* **EXERCISE**
Below is a listing with pictures in it; transcribe exactly the lines from the one that has "Natomiast jako miejsce" through the one that has "Deze agenda voor", and omit those pictures.

* **DATA PROVIDED**
*-*-*

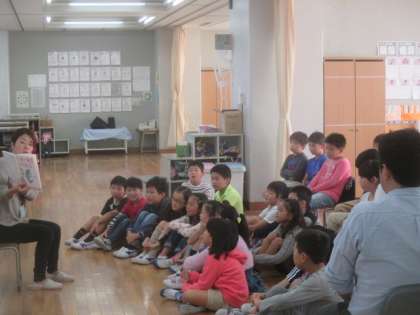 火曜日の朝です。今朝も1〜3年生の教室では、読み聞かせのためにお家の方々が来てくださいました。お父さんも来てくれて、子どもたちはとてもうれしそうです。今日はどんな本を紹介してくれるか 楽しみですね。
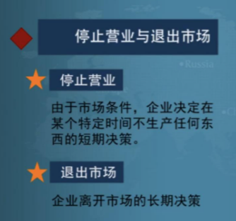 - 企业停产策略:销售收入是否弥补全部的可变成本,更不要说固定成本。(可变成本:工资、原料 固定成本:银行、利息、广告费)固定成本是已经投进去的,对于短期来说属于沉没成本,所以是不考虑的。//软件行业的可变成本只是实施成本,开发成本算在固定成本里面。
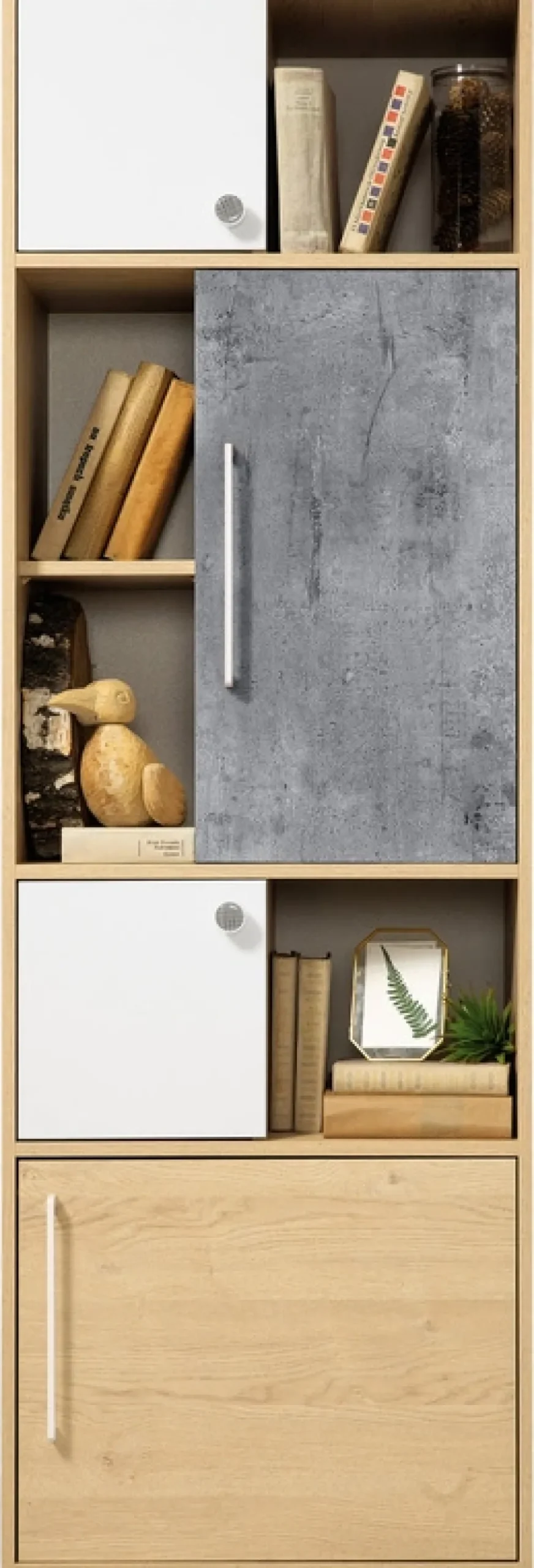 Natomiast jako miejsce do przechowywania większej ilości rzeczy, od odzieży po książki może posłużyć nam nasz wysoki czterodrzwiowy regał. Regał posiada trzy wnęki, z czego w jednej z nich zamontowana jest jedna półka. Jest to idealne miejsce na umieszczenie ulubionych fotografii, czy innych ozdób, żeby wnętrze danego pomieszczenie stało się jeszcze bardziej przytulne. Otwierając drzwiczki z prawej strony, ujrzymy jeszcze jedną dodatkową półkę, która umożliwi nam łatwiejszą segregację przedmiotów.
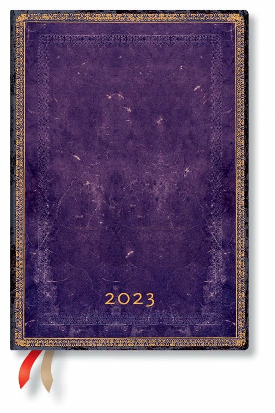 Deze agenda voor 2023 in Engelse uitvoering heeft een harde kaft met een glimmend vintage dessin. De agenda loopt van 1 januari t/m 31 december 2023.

*-*-*

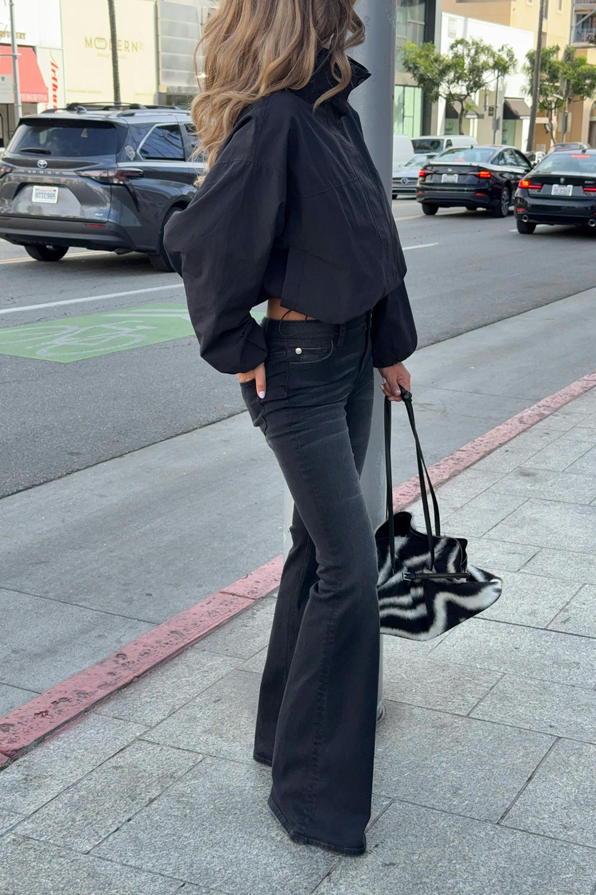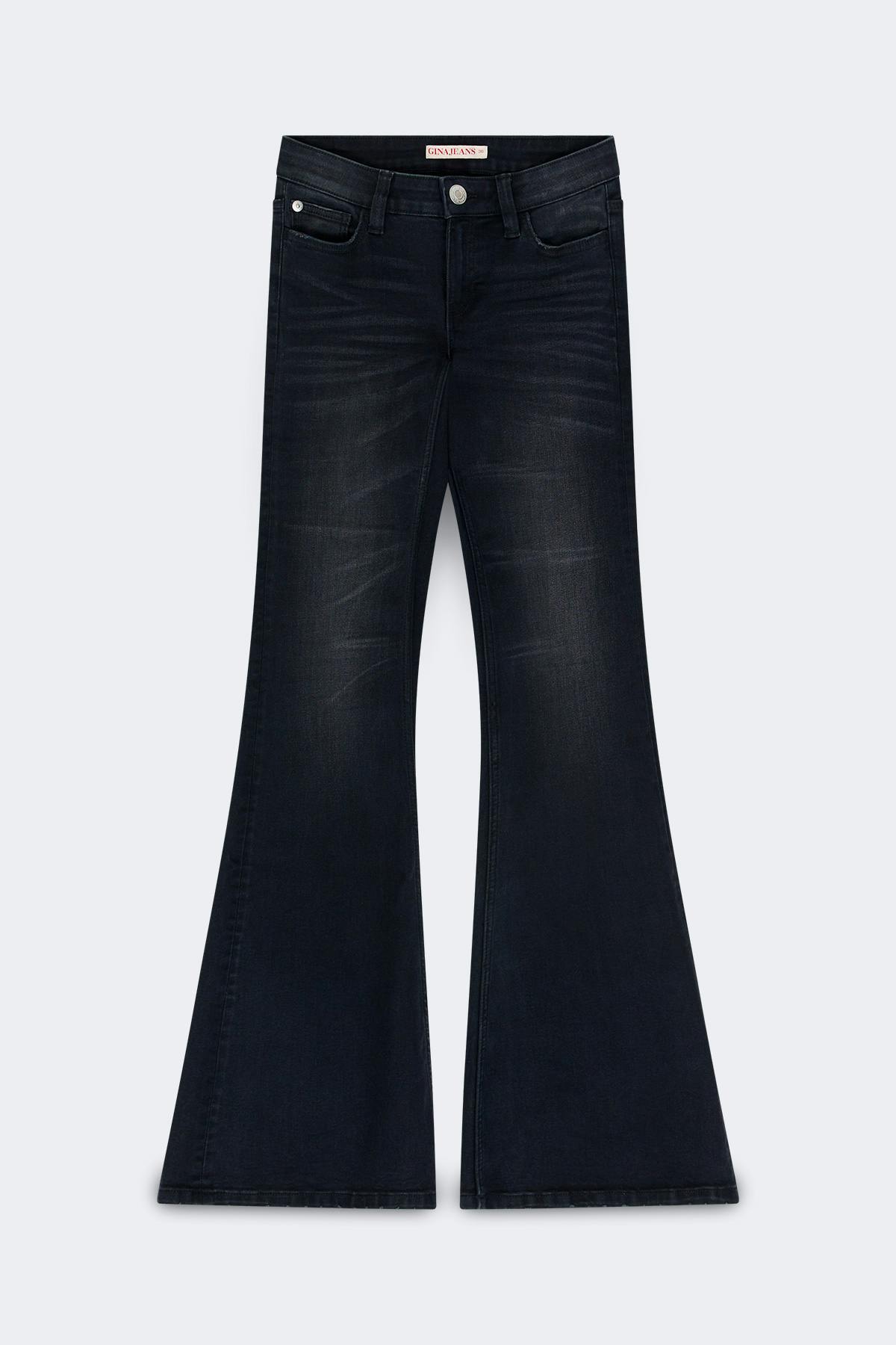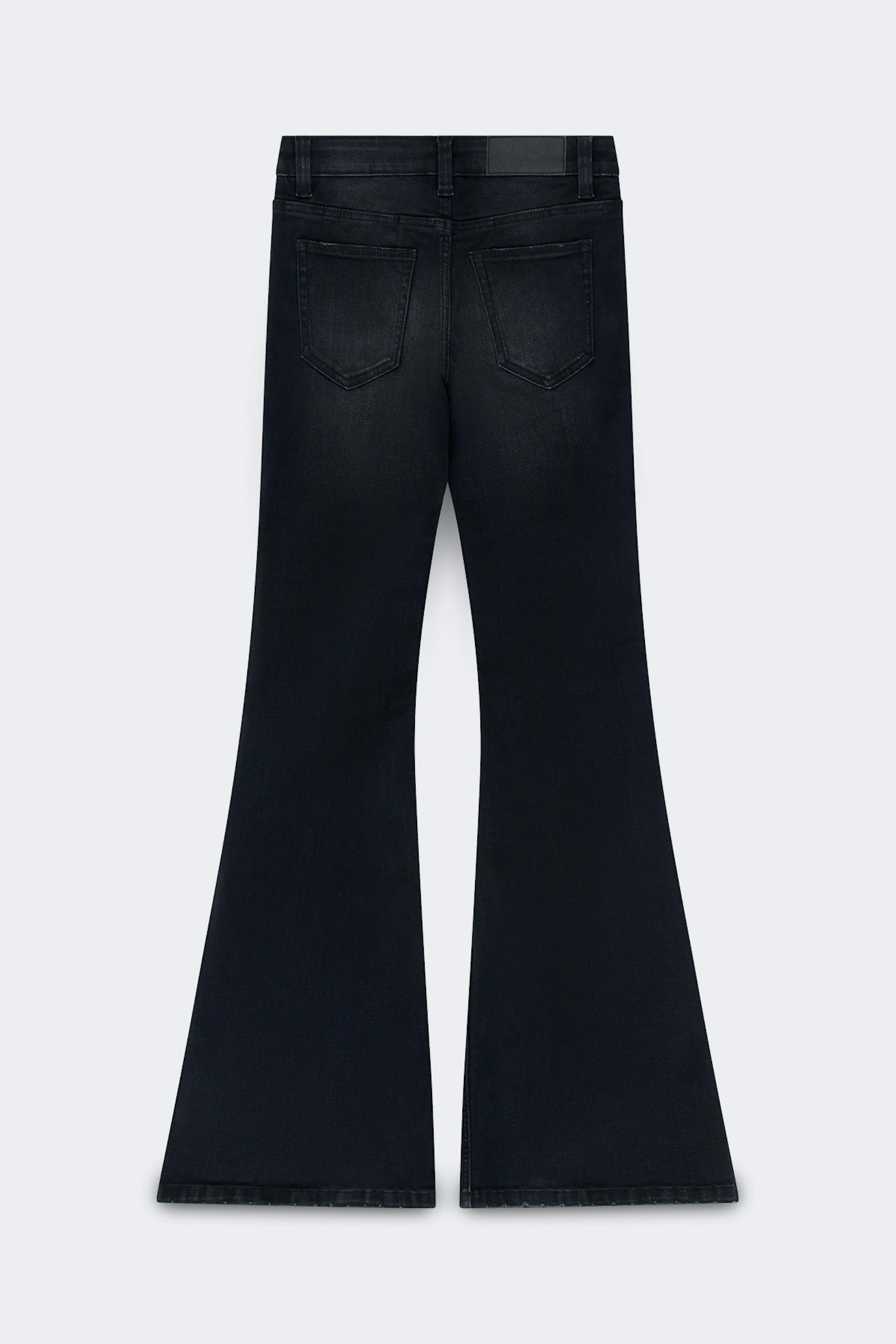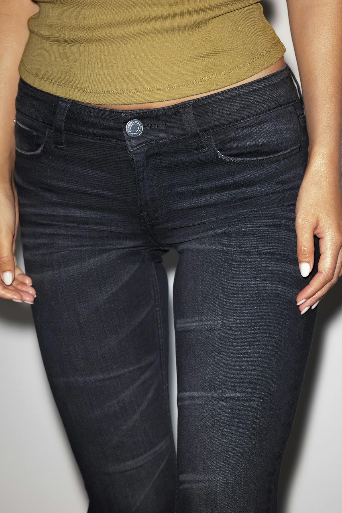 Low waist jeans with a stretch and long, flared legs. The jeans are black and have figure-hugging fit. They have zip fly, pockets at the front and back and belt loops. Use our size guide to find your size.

*-*-*

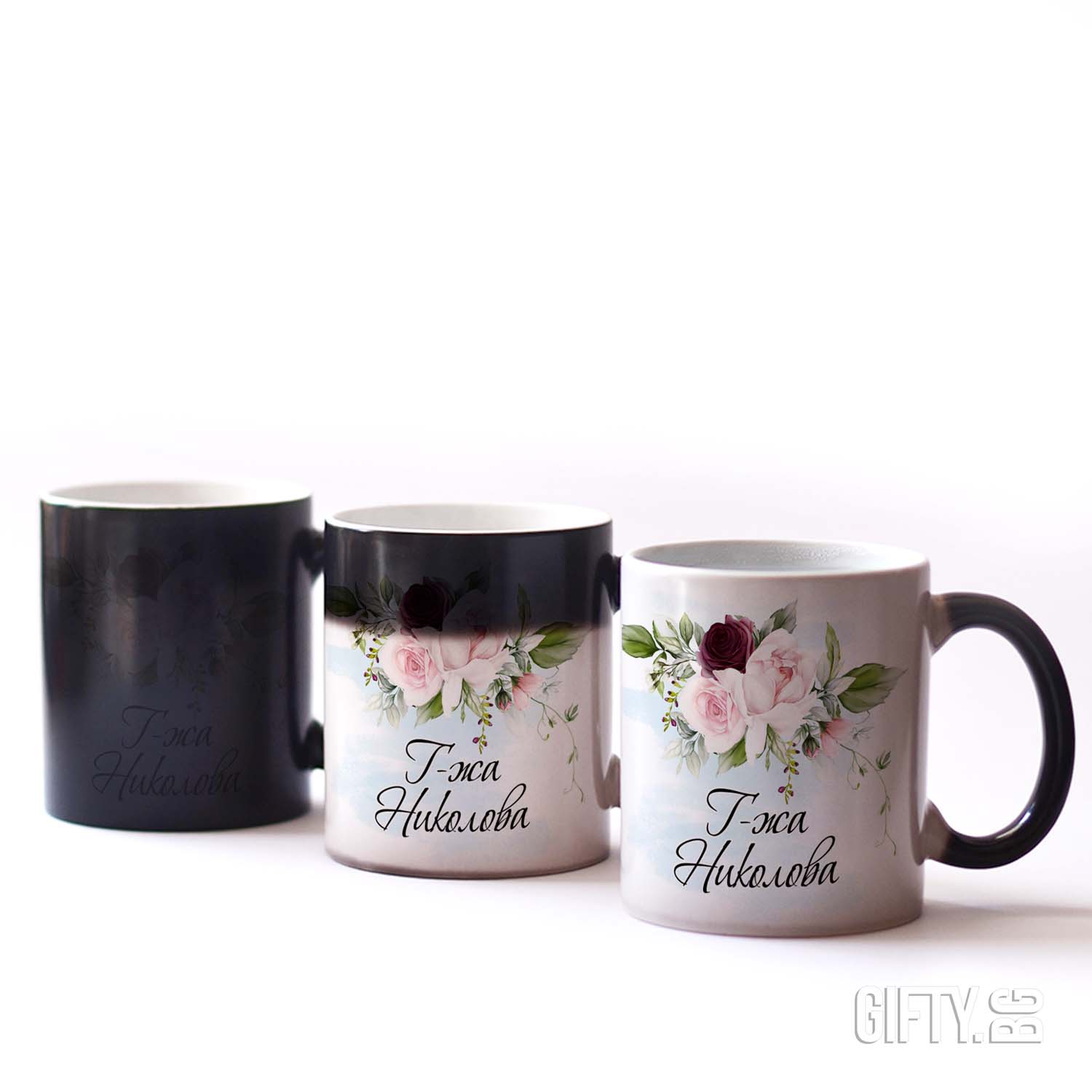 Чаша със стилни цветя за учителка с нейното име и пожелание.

*-*-*

* **RESPONSE AREA**
 Natomiast jako miejsce do przechowywania większej ilości rzeczy, od odzieży po książki może posłużyć nam nasz wysoki czterodrzwiowy regał. Regał posiada trzy wnęki, z czego w jednej z nich zamontowana jest jedna półka. Jest to idealne miejsce na umieszczenie ulubionych fotografii, czy innych ozdób, żeby wnętrze danego pomieszczenie stało się jeszcze bardziej przytulne. Otwierając drzwiczki z prawej strony, ujrzymy jeszcze jedną dodatkową półkę, która umożliwi nam łatwiejszą segregację przedmiotów.
 Deze agenda voor 2023 in Engelse uitvoering heeft een harde kaft met een glimmend vintage dessin. De agenda loopt van 1 januari t/m 31 december 2023.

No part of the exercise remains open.